**WORK TASK**
No pictures, please. Copy exactly the lines from the one with "hooded double-breasted peacoat" through the final line below.

**Stored data entries**
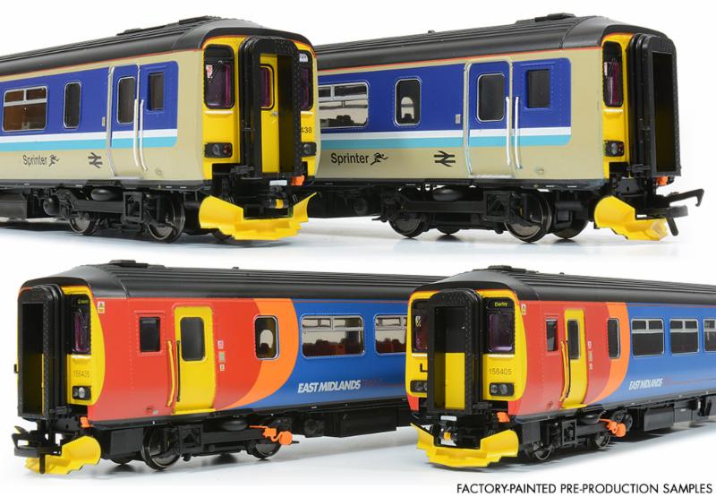 Class 156s, and very tasty they looked too in the classic Provincial and colourful East Midlands Trains paint schemes. These models were completed without the benefit of final paint masks and much of the tampo printing was done by eye rather than production jigs. Their fine appearance is a testament to the quality of the masters in the paint and printing rooms.
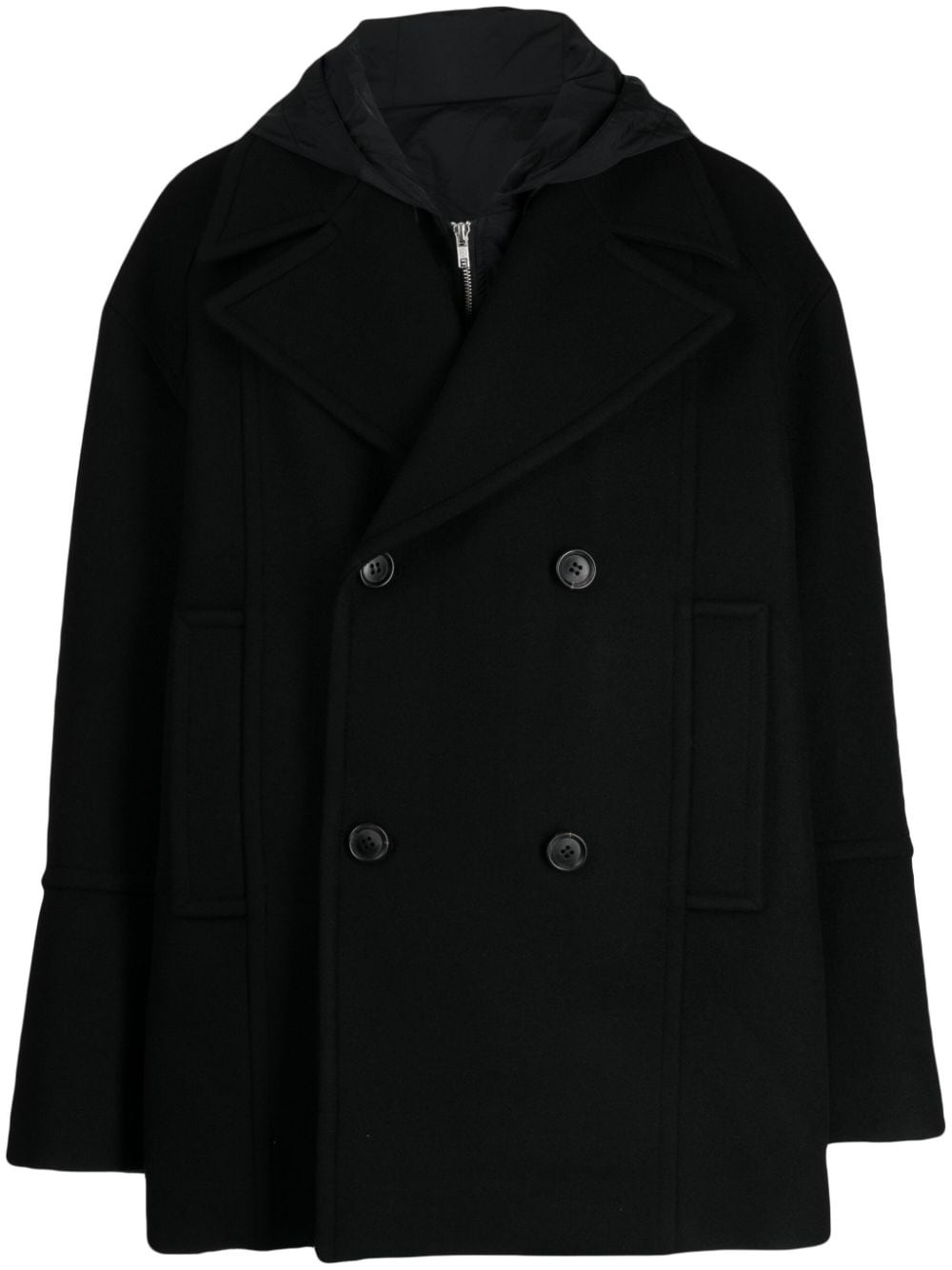 hooded double-breasted peacoat
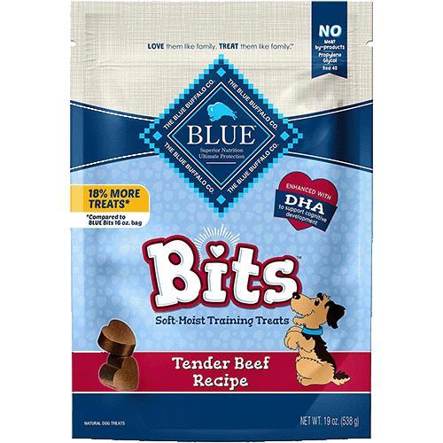 Blue Buffalo – BLUE Bits are flavorful mini-bites for training dogs and puppies.
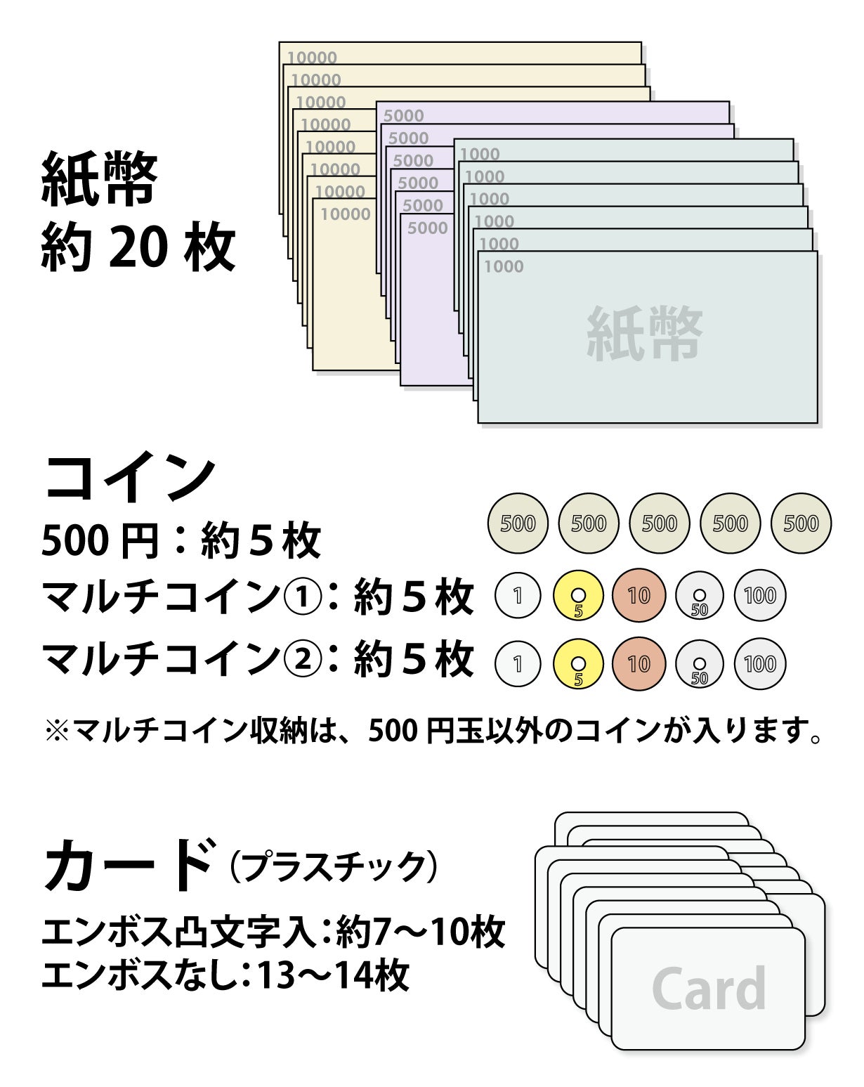 ●コイン500円:約5枚 程度マルチコインスペース:1・5・50・100円が約5枚 程度500円・10円スペースも、小さなコインの上にフタとして大きなコインを入れれば、50円・5円・1円も収納可能。※改良により、収納枚数は変更になる場合があります。※全ての寸法や重量は試作品の実寸です。改良により変更になる場合があります。
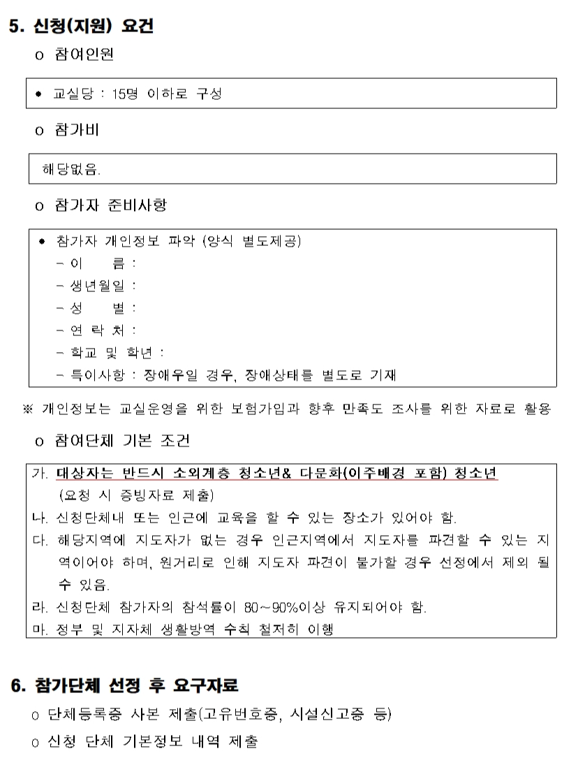 대한검도회에서 소외계층 및 다문화(이주배경 포함) 청소년들을 대상으로

**ANSWER BOX**
 hooded double-breasted peacoat
 Blue Buffalo – BLUE Bits are flavorful mini-bites for training dogs and puppies.
 ●コイン500円:約5枚 程度マルチコインスペース:1・5・50・100円が約5枚 程度500円・10円スペースも、小さなコインの上にフタとして大きなコインを入れれば、50円・5円・1円も収納可能。※改良により、収納枚数は変更になる場合があります。※全ての寸法や重量は試作品の実寸です。改良により変更になる場合があります。
 대한검도회에서 소외계층 및 다문화(이주배경 포함) 청소년들을 대상으로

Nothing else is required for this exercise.